Promising results from the largest study of migraine ever undertaken were published in the journal Nature Genetics on June 23rd 2013. They mark an important new advance toward finding a future cure for migraine.
Researchers from the UK, the USA, Australia and Europe have identified five new sections of our DNA associated with the onset of migraine. They have also confirmed the importance of seven more of these ‘genetic regions’ which have previously been linked to migraines.
Scientists say the research, which looked at more than 100,000 genetic samples, offers a fresh understanding of what triggers migraines. “This study has greatly advanced our biological insight about the cause of migraine”, says lead author Dr Aarno Palotie, from the Welcome Trust’s Sanger Institute which led the research.

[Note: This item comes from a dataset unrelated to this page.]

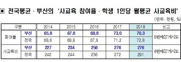 최근 5년 동안 부산의 사교육 참여율을 보면 2014년 65.8%, 2015년 67.8%, 2016년 69.8%, 2017년 73.0%로 매년 증가세를 이어오다 지난해 70.3%를 기록해 하락세로 돌아섰다.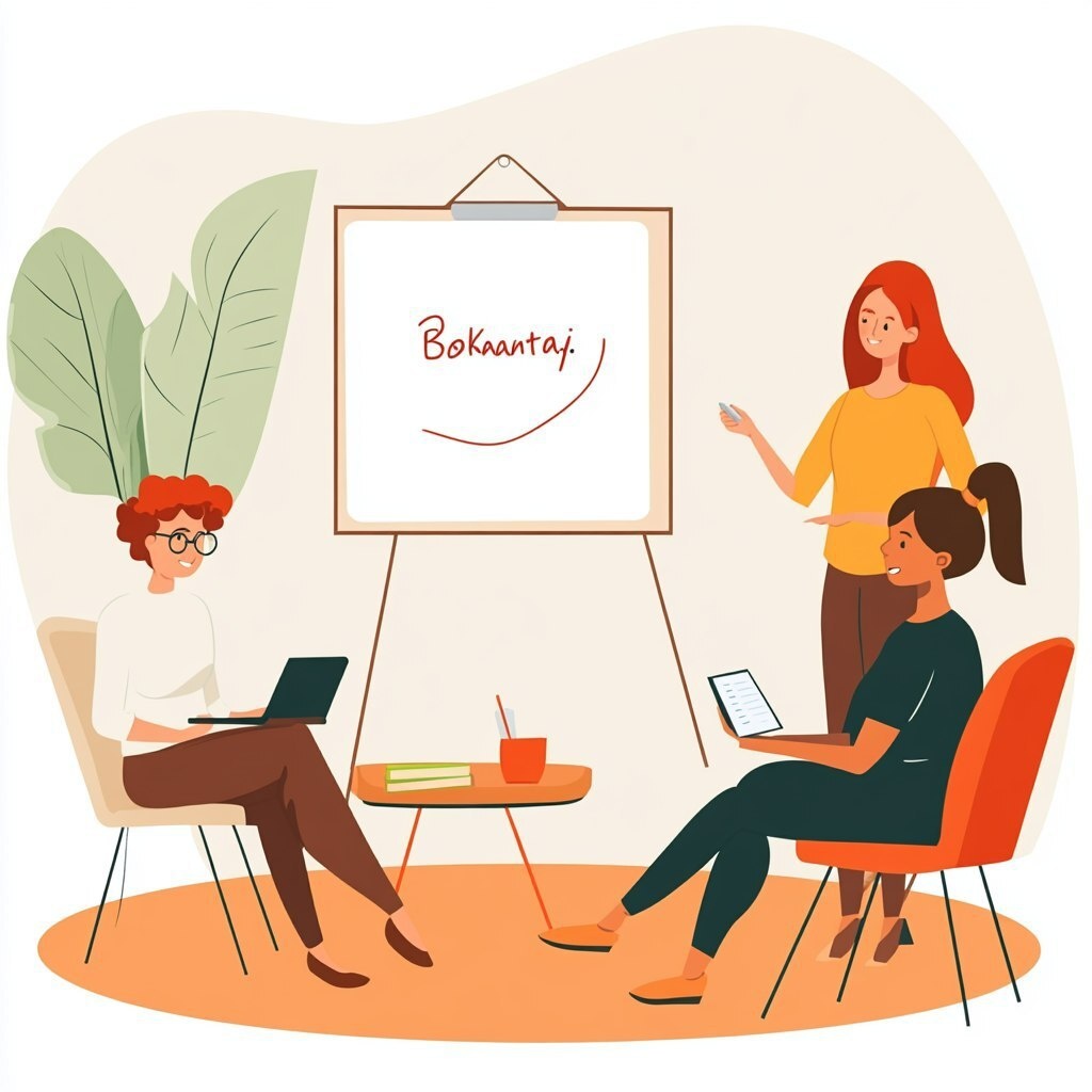 Создано на основе запроса: illustrate a nice icône representingnteractive language course, where the mixed-skinned participants are seated in a small living room. There's a whiteboard hanging on the wall. The instructor is a brown-skinned end red hairfemale standing and writings the word 'Bokantaj' on the whiteboard,by a graphic designer, drawing, symbol,abstract, minimalis --- Автоперевод: Иллюстрируйте хороший курс Icône, представляющего языковой, где участники смешанной кожи сидят в маленькой гостиной. Как тебе такое изображение? 🤔 https://dzen.ru/id/65c0c65c86e4f837c27b24d7 #ИИ #AI #нейросеть #midjourney #art

The team uncovered the genetic regions linked to the illness by comparing the results from 29 population studies at the University of Bristol, which involved DNA samples from both migraine patients and healthy individuals.

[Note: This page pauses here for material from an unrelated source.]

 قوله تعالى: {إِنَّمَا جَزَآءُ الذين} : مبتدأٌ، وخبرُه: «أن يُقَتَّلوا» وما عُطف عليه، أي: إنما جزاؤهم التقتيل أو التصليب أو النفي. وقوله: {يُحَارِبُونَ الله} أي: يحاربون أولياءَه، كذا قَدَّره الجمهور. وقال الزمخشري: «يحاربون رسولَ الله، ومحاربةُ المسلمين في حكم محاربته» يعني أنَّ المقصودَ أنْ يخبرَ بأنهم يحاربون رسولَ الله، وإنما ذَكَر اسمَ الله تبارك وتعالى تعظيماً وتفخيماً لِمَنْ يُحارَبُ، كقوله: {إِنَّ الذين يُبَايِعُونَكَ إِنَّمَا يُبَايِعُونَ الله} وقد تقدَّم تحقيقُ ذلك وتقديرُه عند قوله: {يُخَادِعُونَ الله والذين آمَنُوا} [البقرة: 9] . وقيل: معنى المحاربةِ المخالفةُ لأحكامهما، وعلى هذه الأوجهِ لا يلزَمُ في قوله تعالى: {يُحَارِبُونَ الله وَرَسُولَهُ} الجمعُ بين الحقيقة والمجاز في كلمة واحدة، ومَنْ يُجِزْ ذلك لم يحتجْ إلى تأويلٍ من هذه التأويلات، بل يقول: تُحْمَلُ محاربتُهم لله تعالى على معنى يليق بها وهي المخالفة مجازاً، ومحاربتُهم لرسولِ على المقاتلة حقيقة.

Of the five new and seven previously identified regions, eight are in or near genes known to play a role in controlling brain circuitry and two of the regions are connected to genes that are responsible for maintaining healthy brain tissue.
The team believes that many of the genes at genetic regions associated with migraine are interconnected and could potentially be disrupting the internal regulation of tissue and cells in the brain, resulting in some of the symptoms of migraine.
Some of the regions identified were found to be close to a network of genes that are sensitive to an imbalance of oxygen.
Thought to affect one in every seven adults, migraines have been recognised as one of the top 20 most disabling lifetime conditions and costs the British economy an estimated £2billion a year.